Please enable JavaScript to read this content.
Second-hand motor vehicle dealers are opposed to the Government’s plan to revamp the local auto assembly industry, claiming that such proposals have been engineered by foreign motoring firms.
They argue that such firms are also looking for ways to dispose of their old technology from their operations in developed markets. The plan offers local manufacturers incentives, which the Ministry of Industrialisation said will spur the local manufacturing sector.
Second-hand auto industry players, however, say this would kill their businesses. The rule proposes a ban on importation of vehicles above five years starting in July.
The age limit, which targets vehicles with a larger engine capacity above 1600cc, will further reduce to three years in the next two years.
The State is eyeing zero imports for this range of cars by the year 2024, in a move that the Ministry said would “help expand the market for locally assemble vehicles”.

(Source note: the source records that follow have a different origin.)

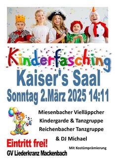 Am 02. März 2025 ab 14:11 Uhr findet im festlich geschmückten Kaisers Saal unser alljähriger weithin bekannter Kinderfasching statt.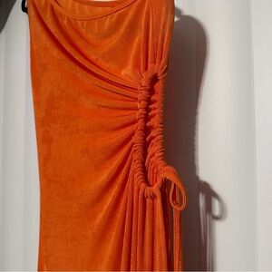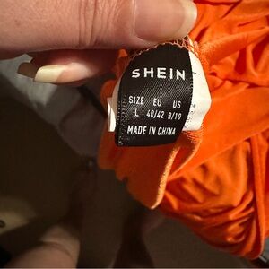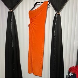 SHEIN Vibrant Orange One-Shoulder Dress. Bold one-shoulder design. Eye-catching orange hue. Slit on one side, Perfect for making a statement. Sheer so perfect for swim suit cover up, giving summer vibes 🩱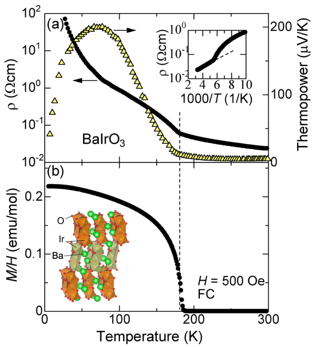- Cheng, J.G.; Zhou, J.S.; Alonso, J.A.; Goodenough, J.B.; Sui, Y.; Matsubayashi, K.; Uwatoko, Y. Transition from a weak ferromagnetic insulator to an exchange-enhanced paramagnetic metal in the BaIrO3 polytypes. Phys. Rev. B 2009, 80, 104430. [Google Scholar] [CrossRef]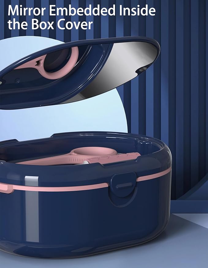 - 【Humanized Design】Unique denture bath case with drain tray, allowing you to quickly and easily lift out your dentures, retainer, mouthguard, or nightguard without touching your cleaning solution. The denture case attached mirror is a nice helper to keep you in perfect state all the time.

The Kenya Auto Bazaar Association (Kaba), a lobby for second-hand vehicle dealers, however, claimed that global automakers have been pushing for the total ban of second-hand cars into Kenya as they look for markets for their locally made units.

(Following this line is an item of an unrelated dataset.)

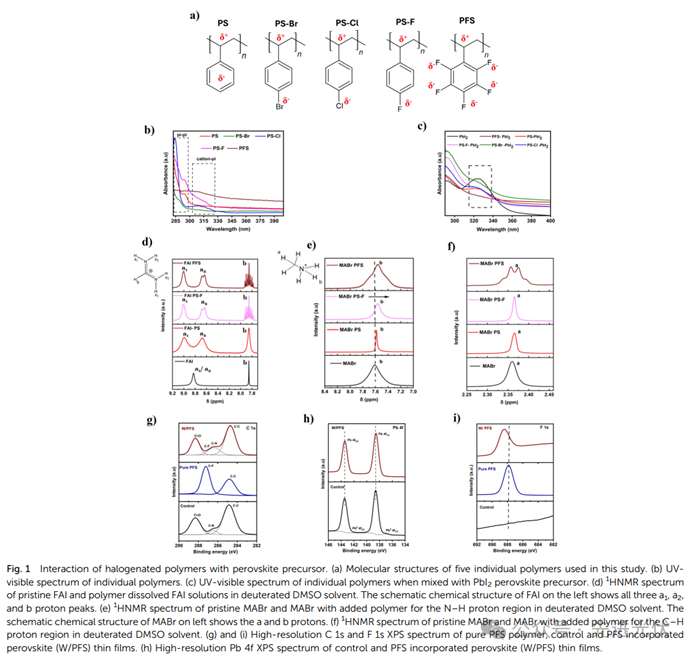 Figure 1展示了五种卤化聚苯乙烯衍生物的分子结构及其与钙钛矿前驱体的相互作用机制。UV-vis光谱显示卤素取代显著改变了聚合物的π-π堆积特性,其中PFS完全抑制了295nm处的特征峰。1H NMR分析证实PFS与FAI/MABr形成氢键和阳离子-π相互作用,XPS证实F 1s结合能从687.8eV增至688.37eV,表明氟原子与Pb²⁺的配位作用。这些结果从分子层面揭示了卤素原子如何通过电子效应调控聚合物与钙钛矿组分的相互作用。

Kaba Chairman John Kipchumba noted the auto firms are looking for easy ways to dispose of old plants that are being phased out in their operations in developed countries.
“We are strongly opposed to this draft policy because it is not in the interest of the country. It is being driven by multinational automotive manufacturers represented in Kenya by assemblers and new motor vehicle franchise holders,” said Kipchumba yesterday.
“They want to shift their market from Europe to Africa and they have been engaging Ghana, Nigeria, and Kenya.”
He spoke when Kaba, together with Car Importers Association of Kenya, handed a petition to the Kenya Bureau of Standards (Kebs) - asking the agency to do away with the new rules that are expected to take effect July.
Kebs oversees the age limit rule is adhered to by importers. Other than the reduction in age limit of imported vehicles, the Government has proposed several measures to promote the local vehicle assembly industry.
In the draft National Automotive Policy, the Ministry hopes to position Kenya as a regional vehicle manufacturing hub, giving Governments and individuals from EAC and beyond the option of buying vehicles with ‘zero mileage’, designed for the local terrain and at an affordable cost.
In the policy, the Ministry expects new vehicles assembled in Kenya to contribute Sh50 billion in taxes per year in the next five years, from the current Sh8 billion.
The industry will also create 150,000 direct jobs at the assembly plants, up from the current 6 000 jobs. Kaba claims dealers in used cars pay Sh48 billion in taxes annually.